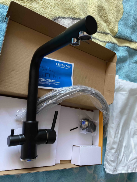 | При заказе через Viber и Telegram +375293487012 Скидка -5% Производитель: Ledeme Смеситель для кухни с подключением фильтра питьевой воды Артикул: L4055B-3 Материал корпуса: латунь Цвет: черный, без точек, | эмаль, поверхность гладкая; |
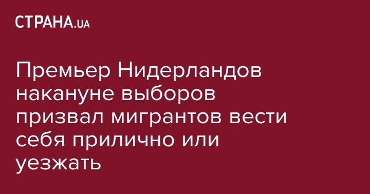 Премьер-министр Нидерландов Марк Рютте, в преддверии парламентских выборов, призвал проживающих в государстве мигрантов соблюдать общественный порядок или уезжать.
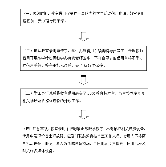 一、教室等场所及多媒体设备借用由学工办和教育技术室共同负责,学工办负责借用审批和场所调配工作,教育技术室负责相关场所及多媒体设备的开放工作。
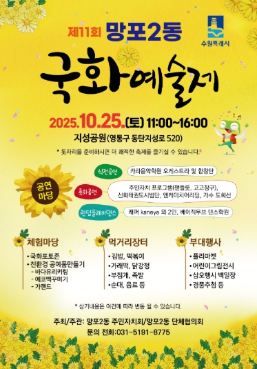이해록 망포2동 주민자치회 회장은 “이번 국화예술제를 통해 주민 모두가 함께하고 즐기는 문화축제를 만들고자 한다. 주민분들의 많은 관심과 참여를 바란다”고 전했다.
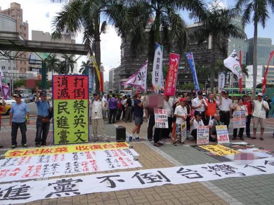 “全民拔菜总部”1日上午誓师授旗,号召从台南出发,各县市响应“全民拔菜、收复台湾”行动。(图片来源:台湾《中时电子报》) 中国台湾网7月2日讯 据台湾“东森新闻云”报道,岛内军公教年金改革上路,反年改团体将7月1日定调为“国难日”,扬言要开始启动全台22县市的革命。“如影随形爱台湾联盟”、“中间选民党”党主席黄正忠表示,历经552天的陈抗之后,他们将发动“公民不服从运动”,呼吁军公教警消劳一起站出来,用选票革命。 军公教年金改革上路后,反年改团体扬言“如影随形”,要用“恶作剧”游击的方式,抗议蔡英文。甚至还一度传出,蔡英文1日下午原本将视察台中绿川整治工程,但由于陈抗因素临时取消。 除了反年改中部的“如影随形”抗议外,部分退军团体与“全台拔菜总部”也于台南举办誓师大会。众人在现场高喊,“蔡英文下台”“民进党不倒,台湾人民不会好”等口号。 黄正忠表示,经历552天的陈抗之后,他们将发动“公民不服从”运动,呼吁军公教警消劳一起站出来,用选票革命。时间就从7月1日开始,开始启动全台22县市的革命。 “拔菜总司令”卢朝财说,从台南誓师出发,是因为郑成功在台南登陆,学习开台圣王的精神,收复台湾,民众必须做台湾的真正主人,主导政策及走向,号召全民于11月24日用选票来教训独裁政党。(中国台湾网 李宁) |
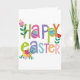 This cheerful “Happy Easter” design pops with bright spring colors and playful charm. Each letter is uniquely colored in lively shades of pink, green, purple, orange, and blue, creating a joyful, eye‑catching rhythm. Some letters transform into decorated Easter eggs, complete with soft pastel stripes that add a sweet seasonal touch. Small flowers and leafy accents peek around the text, giving the whole piece a fresh, garden‑in‑bloom feeling.
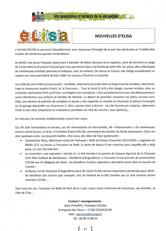 ELISA a enregistré, auprès de l'INSEE, un établissement secondaire à Courcoury (village saintongeais de 750 habitants).
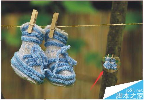 4、下面測試一下:將一張圖放在被挖洞的圖片下面,效果就出來了。
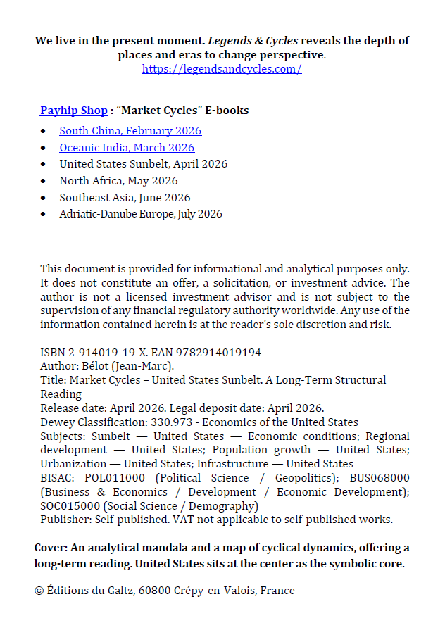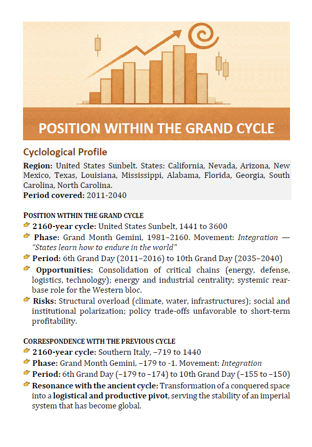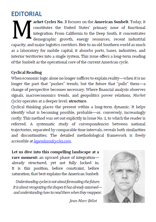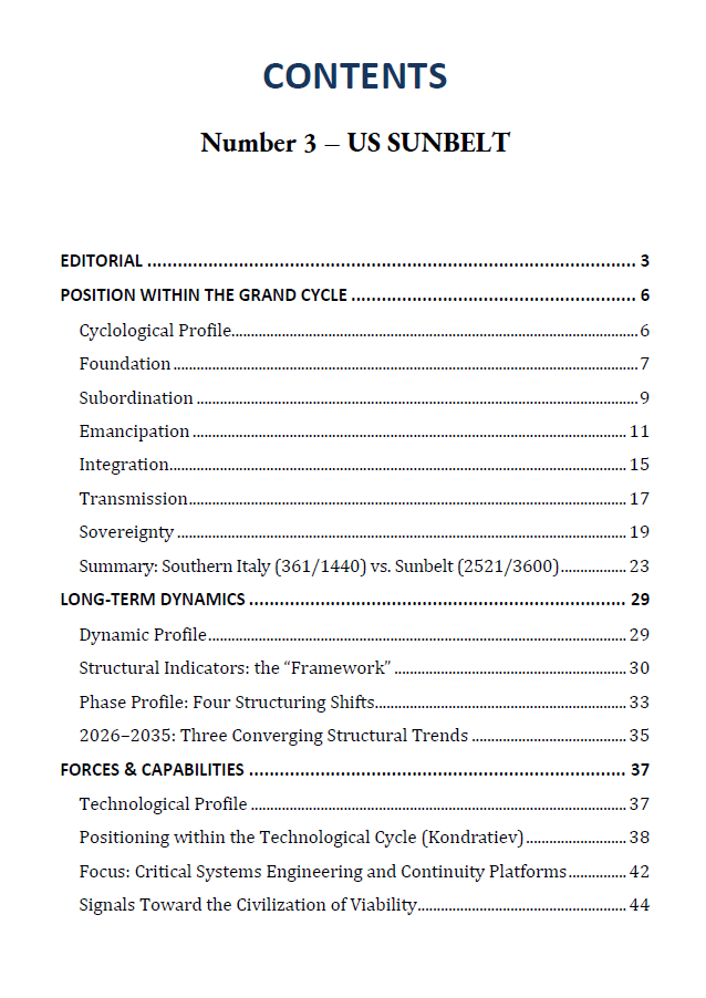 This booklet offers a long-term structural reading of the United States Sunbelt as the operational core of the contemporary Western system, beyond short-term market narratives.
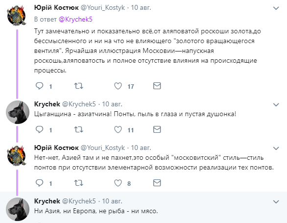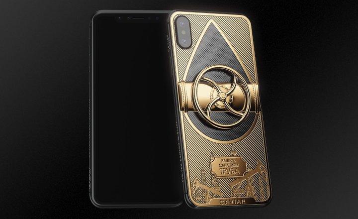 "Я уже не могу смеяться! Вот ответ на санкции. Российский бренд телефонов Caviar представил iPhone X, направленную против ограничений и санкций в сторону РФ. Корпус украшен золотым вращающимся вентилем, под ним надпись «Вашим санкциям труба». Цена 289 000 рублей, около 4530 долларов", - написал в Твиттере пользователь Krychek.

........

- WHAT THE TASK ASKS -
Quote exactly, and only, the lines from the line containing "4、下面測試一下:將一張圖放在被挖洞的圖片下面,效果就出來了。" through the final line of the records above, both included, omitting any pictures.

- PROBLEM SOLUTION -
 4、下面測試一下:將一張圖放在被挖洞的圖片下面,效果就出來了。
 This booklet offers a long-term structural reading of the United States Sunbelt as the operational core of the contemporary Western system, beyond short-term market narratives.
 "Я уже не могу смеяться! Вот ответ на санкции. Российский бренд телефонов Caviar представил iPhone X, направленную против ограничений и санкций в сторону РФ. Корпус украшен золотым вращающимся вентилем, под ним надпись «Вашим санкциям труба». Цена 289 000 рублей, около 4530 долларов", - написал в Твиттере пользователь Krychek.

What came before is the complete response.